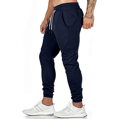 VANVENE Pantaloni sportivi da uomo casual elasticizzati in vita slim fit pantaloni palestra jogging pantaloni della tuta, Marina Militare, XL
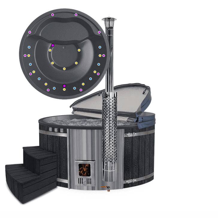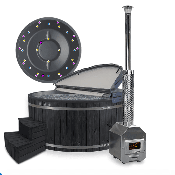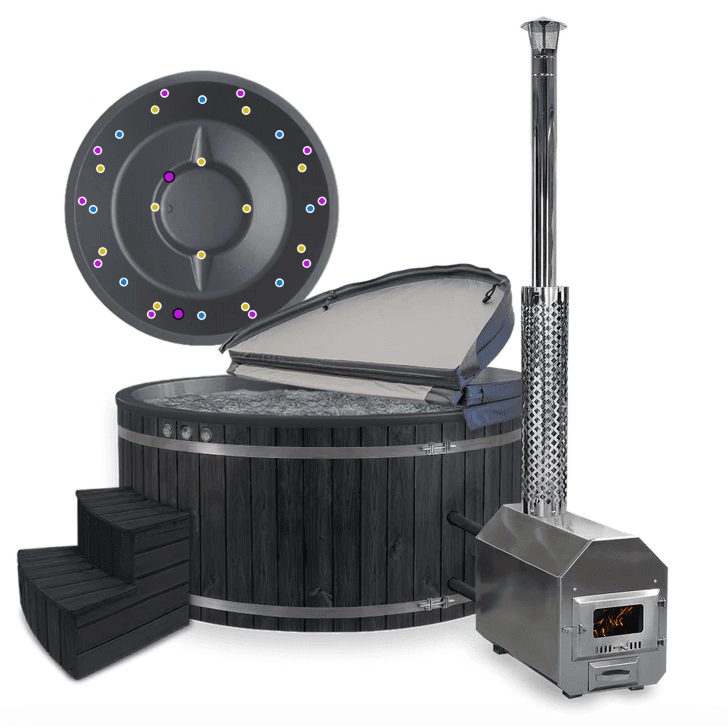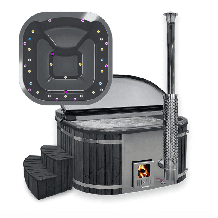 Fiberglaswanne, Thermoholzverkleidung, Holzofen aus Edelstahl
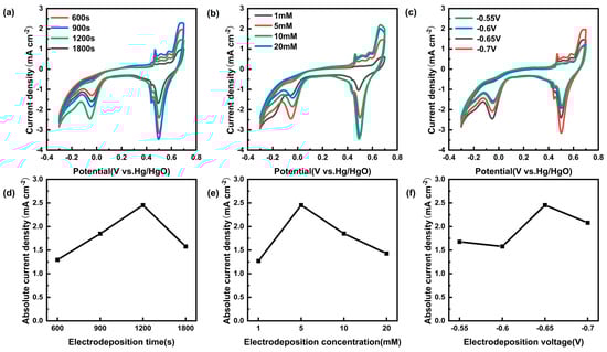 (a) CV curves of Cu/CP−sensitive electrodes prepared at different electrodeposition times with 1 mM nitrite added to 0.1 M KOH electrolyte. (b) CV curves of Cu/CP-sensitive electrodes prepared under different electrodeposition concentrations with the addition of 1 mM nitrite in 0.1 M KOH electrolyte. (c) CV curves of Cu/CP-sensitive electrodes prepared at different electrodeposition potentials with the addition of 1 mM nitrite in 0.1 M KOH electrolyte. (d) Comparative line graphs of reduced peak currents of CV curves of Cu/CP-sensitive electrodes prepared at different deposition times. (e) Comparison of the CV curves of Cu/CP-sensitive electrodes prepared at different electrodeposition concentrations in terms of the reduced peak currents of the line graphs. (f) Comparison of the CV curves of the Cu/CP-sensitive electrodes prepared at different electrodeposition potentials with the reduction peak current fold plot.
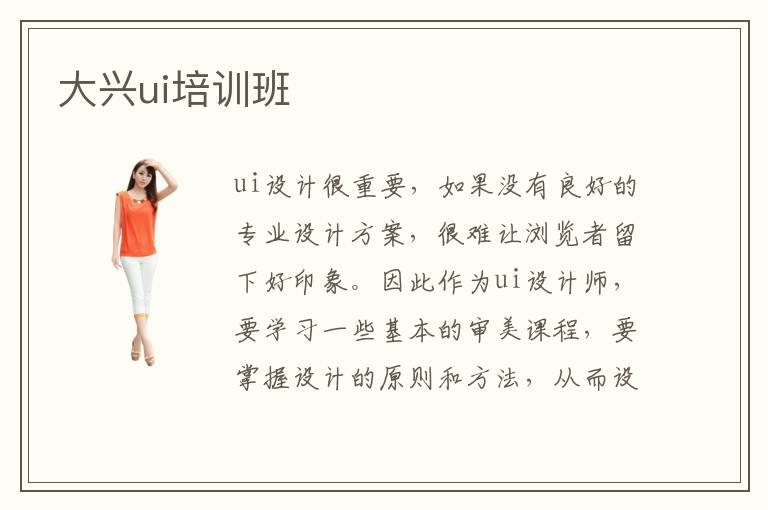 ui设计很重要,如果没有良好的专业设计方案,很难让浏览者留下好印象。因此作为ui设计师,要学习一些基本的审美课程,要掌握设计的原则和方法,从而设计出让人满意的作品。如果还在初学阶段,没有学习途径,学生不妨考虑报名大兴ui培训班,老师会讲解重要知识,帮助学生巩固基础,提升设计的水平,从而使学生达到ui设计师要求。而且老师会这样把整个培训阶段划分为不同难度的ui设计课程,学生要是在某个环节出现很多问题,影响学习的进度,老师会适当留出更多时间,让学生有更多理解的机会。另外老师一般都有很多年的教学经验,对同学的疑问非常清楚,也会制定很多严谨的ui设计教学方案。学生只要听老师的课程,然后完成课后作业,完善自己的知识结构,水平会高很多。
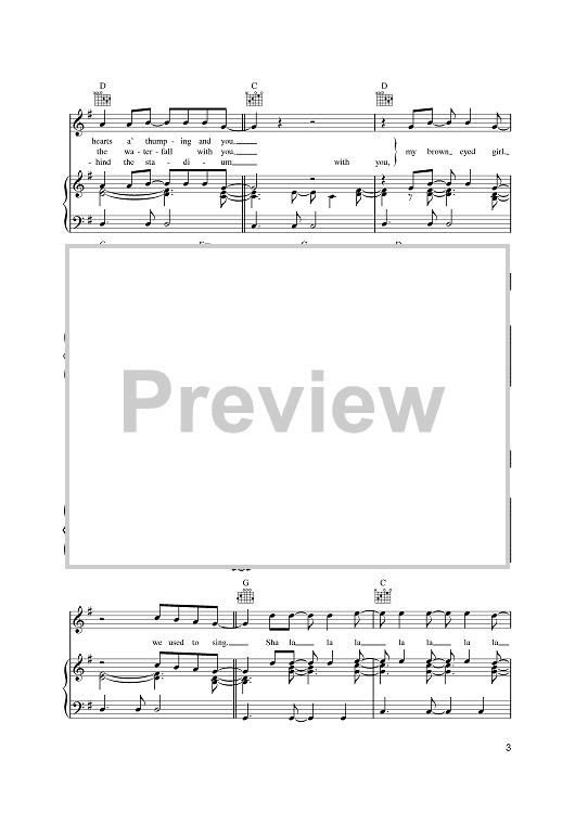 Digital Sheet Music for Brown Eyed Girl by Van Morrison scored for Piano/Vocal/Chords; id:386829
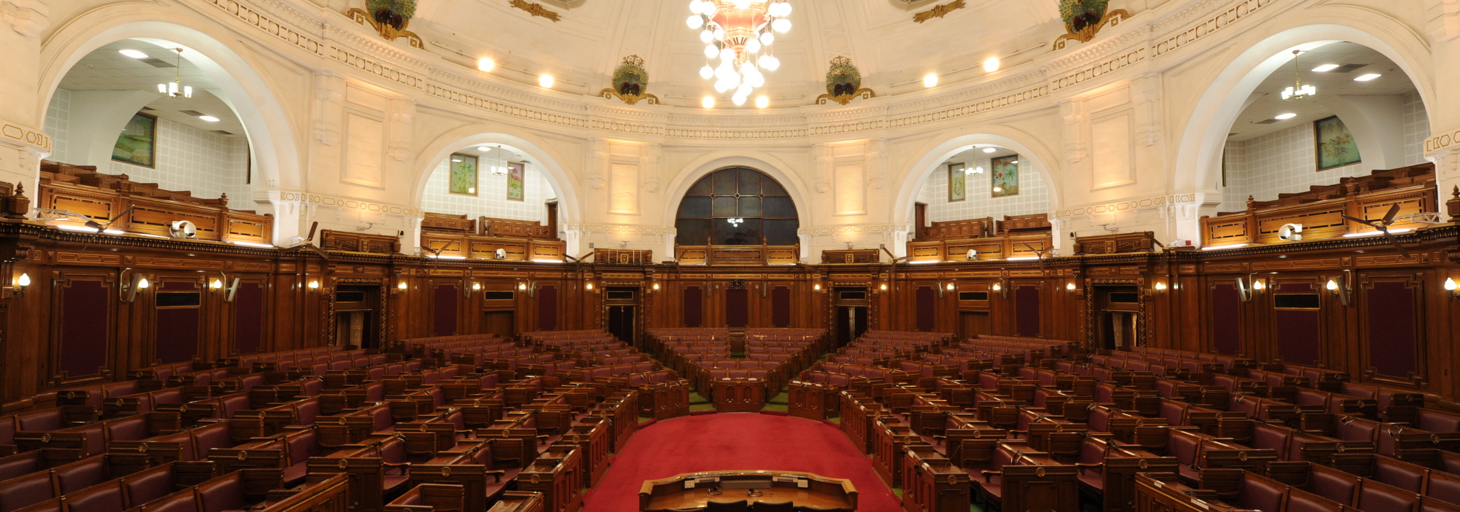गुम्बद के नीचे अष्टकोणीय चेम्बर अर्थात मुख्य हाल बना है। इसकी वास्तुकला अत्यन्त ही आकर्षक पच्चीकारी शैली में है। हाल की गुम्बदीय आकार की छत में जालियां तथा नृत्य करते हुए आठ मोरों की अत्यन्त सुन्दर आकृतियां बनी है। इसी चेम्बर में विधान सभा की बैठकें होती है। माननीय सदस्यों के लिए चेम्बर के दोनों तरफ एक-एक बड़ी लाबी है।
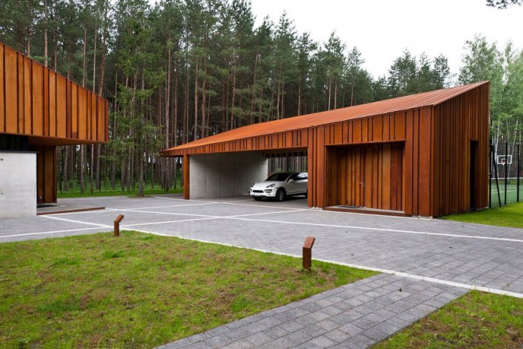 A House in the Woods это проект литовской студии дизайна Studija Archispektras представленный в 2011 году. Частный дом получил такое название из-за своего расположения в пригороде города Каунас, Литва. Снаружи дом покрыт композитными стальными листами и большими окнами. В интерьере широко использованы различные породы дерева и декорированный бетон — плиты отшлифовали и обработали защитным покрытием. Сочетание дерева и бетона придает интерьеру некий стиль современности а большие панорамные окна дополняют его красотой окружающей природы. Во всех комнатах использованы подвесные осветительные системы, благодаря которым свет можно настроить так как необходимо. Пожалуй, именно о таком доме мечтает каждый мужчина.
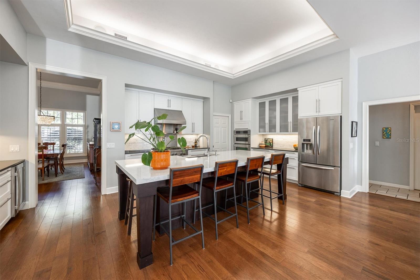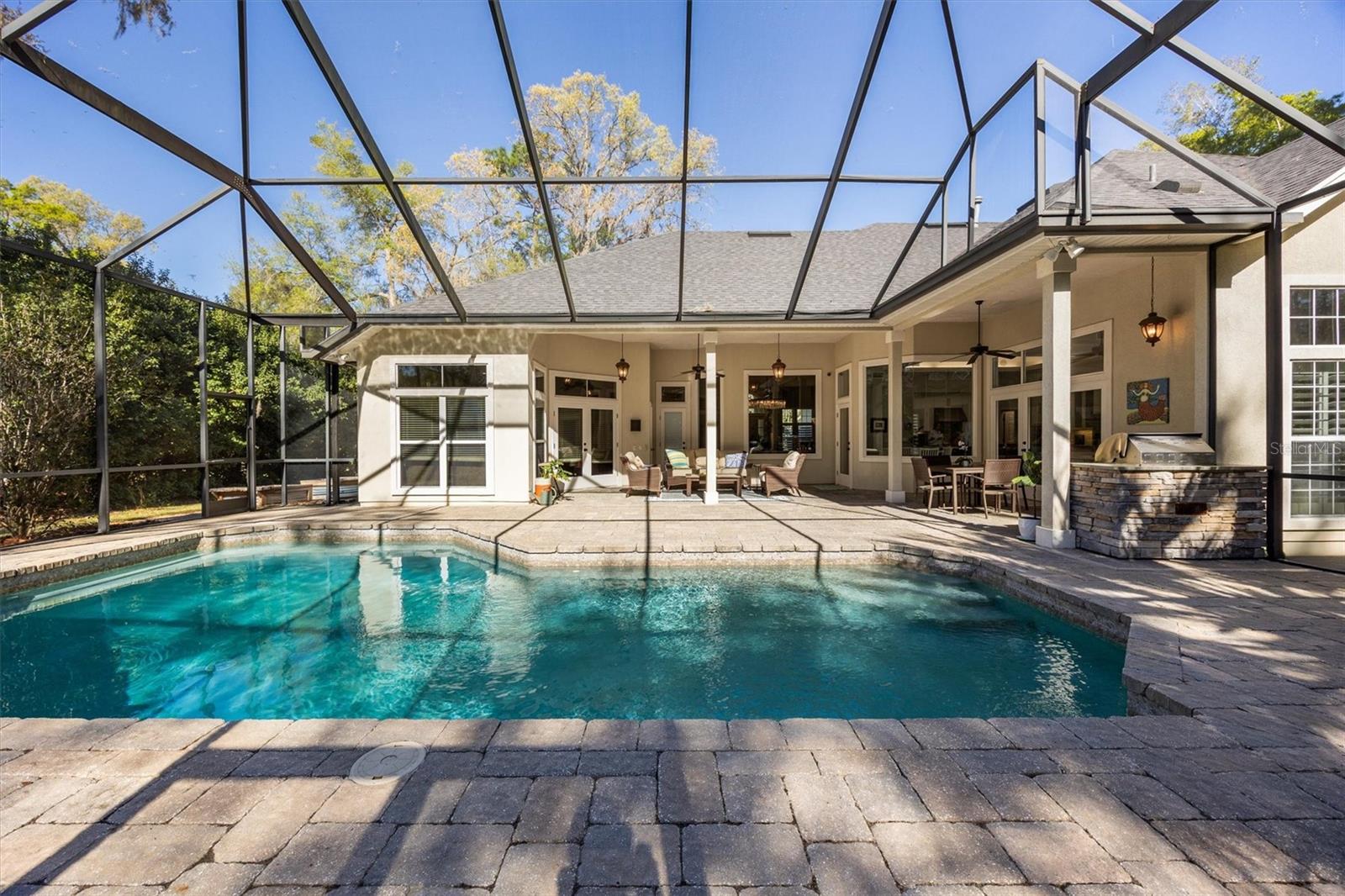 Gorgeous executive home - where refined luxury meets relaxed living! This turn-key 4 bedroom, 3.5 bath home is beautifully positioned on a private lot, backing to a lush, neighborhood reserve, and offering an exceptional blend of elegance, comfort, and functional living. Light-filled and thoughtfully designed by its original owners and built by Barry Bullard, the home features an effortless floor plan ideal for both everyday living and entertaining. Architectural details and designer lighting throughout the home add to the appeal of this special property. At the heart of the home is a beautifully remodeled kitchen, showcasing quartz countertops, custom cabinetry, space-efficient drawer storage, premium JennAir and KitchenAid appliances, and many other thoughtful features. The Baths and floors have been updated in recent years as wellthis home is truly turn-key! The primary suite is a true retreat, with a spacious bedroom complete with sitting area, luxurious finishes, and two spacious closets. Adjoining it is the en-suite bath, featuring a spa-like tub, dual vanities and exceptional storage. The three-way split floor plan has offers two additional bedrooms and baths on the main level, thoughtfully separated from the primary suite. Multiple shared areas of the home include a welcoming living room, a formal dining room, family room, AND a private studyideal for remote work or for quiet relaxation. Upstairs, a large flex room offers incredible versatility as a media room, playroom, or secondary living area, along with an additional bedroom and full bath, perfect for guests or multi-generational living. Step outside to experience true Florida enjoyment! The screened lanai offers generous covered seating and dining space, and centers around the saltwater pool all overlooking the serene setting. The backyard is beautifully curated, with mature landscaping, a fire pit, citrus trees, and raised garden beds with drip irrigationcreating a peaceful and private outdoor retreat. The built-in summer kitchen invites casual cooking and entertaining, while participating in the action. The home is located in Albury Round within the Haile community, and just a short walk to the park, Hawkstone Golf Course, miles of walking and biking trails, and Haile Village Center. Conveniently located near the University of Florida, UF Health, the VA, and North Florida Regional Medical Center.

◆ EXERCISE DIRECTIONS ◆
From the first line to the last, set down the records exactly, leaving out images.

◆ TASK RESULT ◆
 VANVENE Pantaloni sportivi da uomo casual elasticizzati in vita slim fit pantaloni palestra jogging pantaloni della tuta, Marina Militare, XL
 Fiberglaswanne, Thermoholzverkleidung, Holzofen aus Edelstahl
 (a) CV curves of Cu/CP−sensitive electrodes prepared at different electrodeposition times with 1 mM nitrite added to 0.1 M KOH electrolyte. (b) CV curves of Cu/CP-sensitive electrodes prepared under different electrodeposition concentrations with the addition of 1 mM nitrite in 0.1 M KOH electrolyte. (c) CV curves of Cu/CP-sensitive electrodes prepared at different electrodeposition potentials with the addition of 1 mM nitrite in 0.1 M KOH electrolyte. (d) Comparative line graphs of reduced peak currents of CV curves of Cu/CP-sensitive electrodes prepared at different deposition times. (e) Comparison of the CV curves of Cu/CP-sensitive electrodes prepared at different electrodeposition concentrations in terms of the reduced peak currents of the line graphs. (f) Comparison of the CV curves of the Cu/CP-sensitive electrodes prepared at different electrodeposition potentials with the reduction peak current fold plot.
 ui设计很重要,如果没有良好的专业设计方案,很难让浏览者留下好印象。因此作为ui设计师,要学习一些基本的审美课程,要掌握设计的原则和方法,从而设计出让人满意的作品。如果还在初学阶段,没有学习途径,学生不妨考虑报名大兴ui培训班,老师会讲解重要知识,帮助学生巩固基础,提升设计的水平,从而使学生达到ui设计师要求。而且老师会这样把整个培训阶段划分为不同难度的ui设计课程,学生要是在某个环节出现很多问题,影响学习的进度,老师会适当留出更多时间,让学生有更多理解的机会。另外老师一般都有很多年的教学经验,对同学的疑问非常清楚,也会制定很多严谨的ui设计教学方案。学生只要听老师的课程,然后完成课后作业,完善自己的知识结构,水平会高很多。
 Digital Sheet Music for Brown Eyed Girl by Van Morrison scored for Piano/Vocal/Chords; id:386829
गुम्बद के नीचे अष्टकोणीय चेम्बर अर्थात मुख्य हाल बना है। इसकी वास्तुकला अत्यन्त ही आकर्षक पच्चीकारी शैली में है। हाल की गुम्बदीय आकार की छत में जालियां तथा नृत्य करते हुए आठ मोरों की अत्यन्त सुन्दर आकृतियां बनी है। इसी चेम्बर में विधान सभा की बैठकें होती है। माननीय सदस्यों के लिए चेम्बर के दोनों तरफ एक-एक बड़ी लाबी है।
 A House in the Woods это проект литовской студии дизайна Studija Archispektras представленный в 2011 году. Частный дом получил такое название из-за своего расположения в пригороде города Каунас, Литва. Снаружи дом покрыт композитными стальными листами и большими окнами. В интерьере широко использованы различные породы дерева и декорированный бетон — плиты отшлифовали и обработали защитным покрытием. Сочетание дерева и бетона придает интерьеру некий стиль современности а большие панорамные окна дополняют его красотой окружающей природы. Во всех комнатах использованы подвесные осветительные системы, благодаря которым свет можно настроить так как необходимо. Пожалуй, именно о таком доме мечтает каждый мужчина.
 Gorgeous executive home - where refined luxury meets relaxed living! This turn-key 4 bedroom, 3.5 bath home is beautifully positioned on a private lot, backing to a lush, neighborhood reserve, and offering an exceptional blend of elegance, comfort, and functional living. Light-filled and thoughtfully designed by its original owners and built by Barry Bullard, the home features an effortless floor plan ideal for both everyday living and entertaining. Architectural details and designer lighting throughout the home add to the appeal of this special property. At the heart of the home is a beautifully remodeled kitchen, showcasing quartz countertops, custom cabinetry, space-efficient drawer storage, premium JennAir and KitchenAid appliances, and many other thoughtful features. The Baths and floors have been updated in recent years as wellthis home is truly turn-key! The primary suite is a true retreat, with a spacious bedroom complete with sitting area, luxurious finishes, and two spacious closets. Adjoining it is the en-suite bath, featuring a spa-like tub, dual vanities and exceptional storage. The three-way split floor plan has offers two additional bedrooms and baths on the main level, thoughtfully separated from the primary suite. Multiple shared areas of the home include a welcoming living room, a formal dining room, family room, AND a private studyideal for remote work or for quiet relaxation. Upstairs, a large flex room offers incredible versatility as a media room, playroom, or secondary living area, along with an additional bedroom and full bath, perfect for guests or multi-generational living. Step outside to experience true Florida enjoyment! The screened lanai offers generous covered seating and dining space, and centers around the saltwater pool all overlooking the serene setting. The backyard is beautifully curated, with mature landscaping, a fire pit, citrus trees, and raised garden beds with drip irrigationcreating a peaceful and private outdoor retreat. The built-in summer kitchen invites casual cooking and entertaining, while participating in the action. The home is located in Albury Round within the Haile community, and just a short walk to the park, Hawkstone Golf Course, miles of walking and biking trails, and Haile Village Center. Conveniently located near the University of Florida, UF Health, the VA, and North Florida Regional Medical Center.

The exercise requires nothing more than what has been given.